When we found that the particular instrument is outside of its predetermined calibration limits which is also known as Action limit or OOT. If we found OOT calibration result, first scenario is to take corrective actions as soon as possible. We can take corrective actions like repair, re-calibration, and replacement of defective part or permanent removal of instrument if the errors cannot be corrected by above actions. Firm can issue OOT notification to the vendor and the notification must includes current calibration data, severity of OOT error and full details of last successful calibration. It is mandatory that QA department immediately stop the production for a while till the issue is solved. Here the role of PM is important as it will stop the reoccurrence of the error. As OOT results highly impact on the quality of the product and also responsible for batch failure, it is mandatory to find out the root cause for the occurrence of these errors. At least it will help us to prevent the re-occurrence of particular error.
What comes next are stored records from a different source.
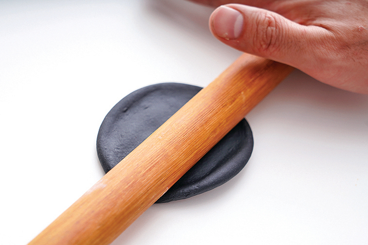 2.黑麵團微壓扁,再擀成直徑7cm圓形。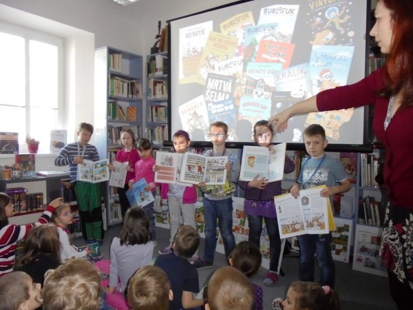 Dne 17. března vyrazily třídy 1.A a 1.B opět do knihovny. Tentokrát jsme se v prostorách knihovny Vrdy potkali s paní spisovatelkou Klárou Smolíkovou. Naši nejmenší školáci se dozvěděli, co je komiks, jak vzniká a dokonce si zkusili do několika bublinových okének svými slovy napsat komiksový minipříběh. Pak hledali mezi mnoha knihami a časopisy právě komiks. Paní Smolíková dětem představila své knížky, např. Králík málem králem, Na hradě Bradě, Vynálezce Alva nebo velmi úspěšný komiks Viktorka. Děti se během celého programu aktivně a s chutí zapojovaly, odpovídaly, kreslily do pracovních listů, četly komiksové bubliny a též se staly na chvíli herci. Velké poděkování patří paní knihovnici Kobelové za zprostředkování setkání a samozřejmě paní Smolíkové, která žáčkům přiblížila zábavnou a hravou formou svět komiksu. Mgr. Jana Pospíšilová, Mgr. Eva Pospíšilová |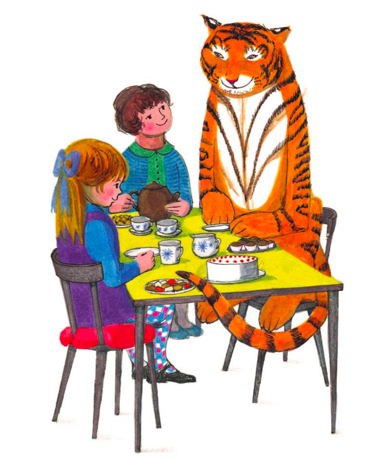 在结婚以后,朱迪斯·克尔成为了一名全职妈妈,有两个小孩。“真的很无聊,”她后来回忆道,“我们去散步,喝茶,真的是这样。我们希望有人能来。所以我想,为什么不让老虎来呢?”她开始给女儿讲这个故事。然后,在她45岁的时候,她和她的孩子在学校里一起画出了适合的画,去掉了任何不重要的背景,这样老虎、孩子和一些家具就从一张白纸上脱颖而出。《老虎来喝下午茶》讲述了老虎到主人公家里大吃大喝,连她爸爸的啤酒都被喝光的故事,简单而有趣。 老虎,一个友好而不凶猛的动物,把原本可能是极度不安的经历——一只野生动物入侵一个小小的家庭厨房——变成了一个有点令人惊讶又好玩的故事。

Change control management and CAPA approach

Under change control management program, we are able to make changes in calibration tolerance, frequency and procedure. Also we can add another new program to avoid errors or permanent removal of current program to avoid inconvenience. Change in the environment or change in the location is also solution suggested by this program. Each and every step should be documented properly. This program also suggests revalidation, re-execution and revision of IQ, OQ and PQ of the instruments. Timely revision, periodic review and approval by authorized person at every stage are the key points of this program.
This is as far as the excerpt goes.